Protein synthesis signaling in skeletal muscle is refractory to whey protein ingestion during a severe energy deficit evoked by prolonged exercise and caloric restriction

International Journal of Obesity volume 43pages 872–882 (2019)Cite this article

Subjects

Abstract

Background

Exercise and protein ingestion preserve muscle mass during moderate energy deficits.

Objective

To determine the molecular mechanisms by which exercise and protein ingestion may spare muscle mass during severe energy deficit (5500 kcal/day).

Design

Fifteen overweight, but otherwise healthy men, underwent a pre-test (PRE), caloric restriction (3.2 kcals/kg body weight/day) + exercise (45 min one-arm cranking + 8 h walking) for 4 days (CRE), followed by a control diet (CD) for 3 days, with a caloric content similar to pre-intervention while exercise was reduced to less than 10,000 steps per day.
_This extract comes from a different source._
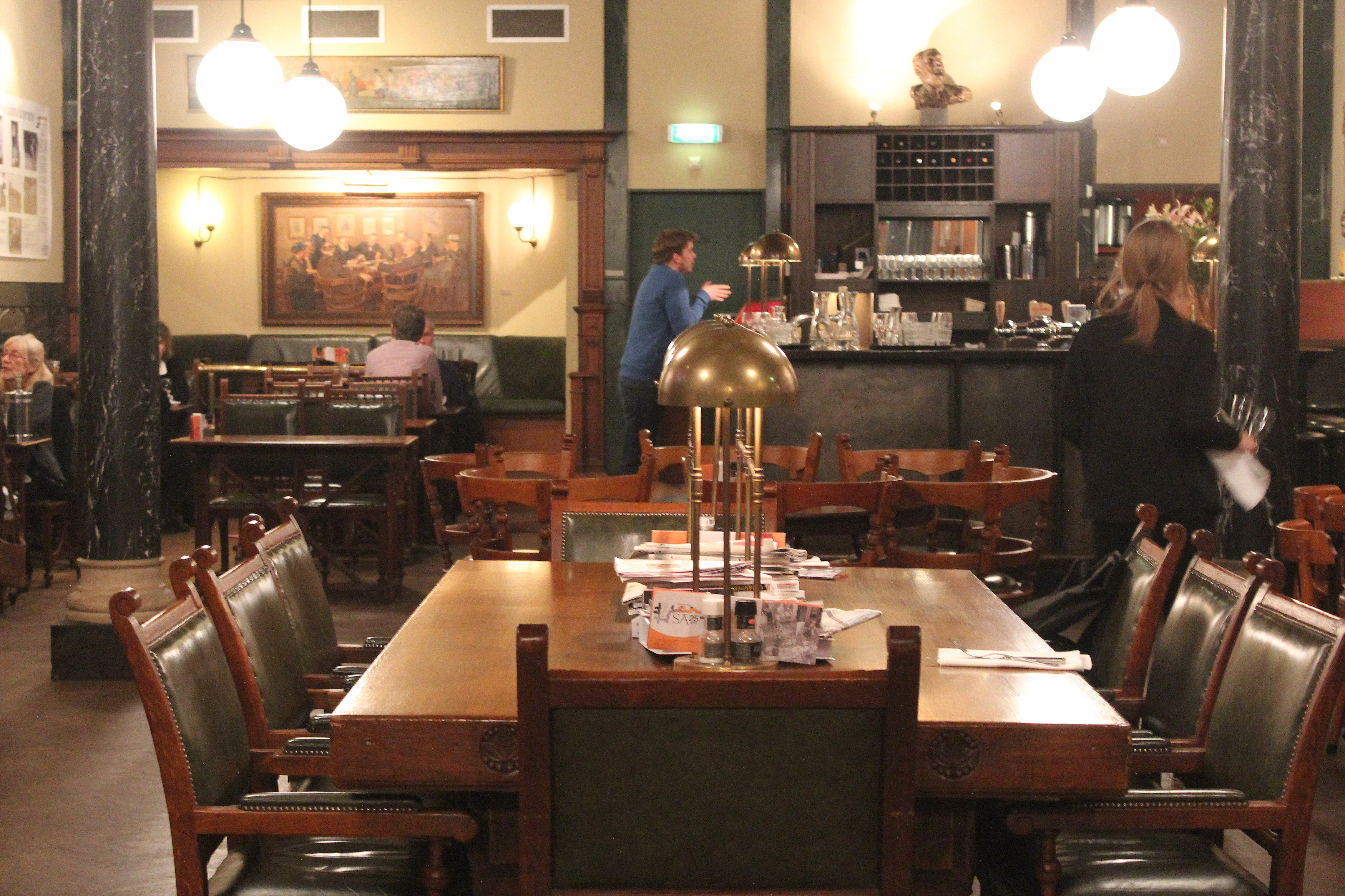 Wie de Arti binnenkomt, stapt in een tijdscapsule. De sociëteit is ongewoon ruim opgezet voor Amsterdamse begrippen. De afwezigheid van muziek maakt de eiken meubels zwaarder, het houten plafond donkerder. In het midden van de sociëteit staat een grote leestafel, daaraan stoelen waarvan sommige nog door oud-Artilid Hendrik Berlage zijn ontworpen. Een oudere dame bladert door een krant. Rechts van de schouw buigen twee mannen zich over een schaakbord.

During CRE, participants ingested either whey protein (PRO, n = 8) or sucrose (SU, n = 7) (0.8 g/kg body weight/day). Muscle biopsies were obtained from the trained and untrained deltoid, and vastus lateralis.

Results

Following CRE and CD, serum concentrations of leptin, insulin, and testosterone were reduced, whereas cortisol and the catabolic index (cortisol/total testosterone) increased. The Akt/mTor/p70S6K pathway and total eIF2α were unchanged, while total 4E-BP1 and Thr37/464E-BP1 were higher. After CRE, plasma BCAA and EAA were elevated, with a greater response in PRO group, and total GSK3β, pSer9GSK3β, pSer51eIF2α, and pSer51eIF2α/total eIF2α were reduced, with a greater response of pSer9GSK3β in the PRO group. The changes in signaling were associated with the changes in leptin, insulin, amino acids, cortisol, cortisol/total testosterone, and lean mass.

Conclusions

During severe energy deficit, pSer9GSK3β levels are reduced and human skeletal muscle becomes refractory to the anabolic effects of whey protein ingestion, regardless of contractile activity. These effects are associated with the changes in lean mass and serum insulin, testosterone, and cortisol concentrations.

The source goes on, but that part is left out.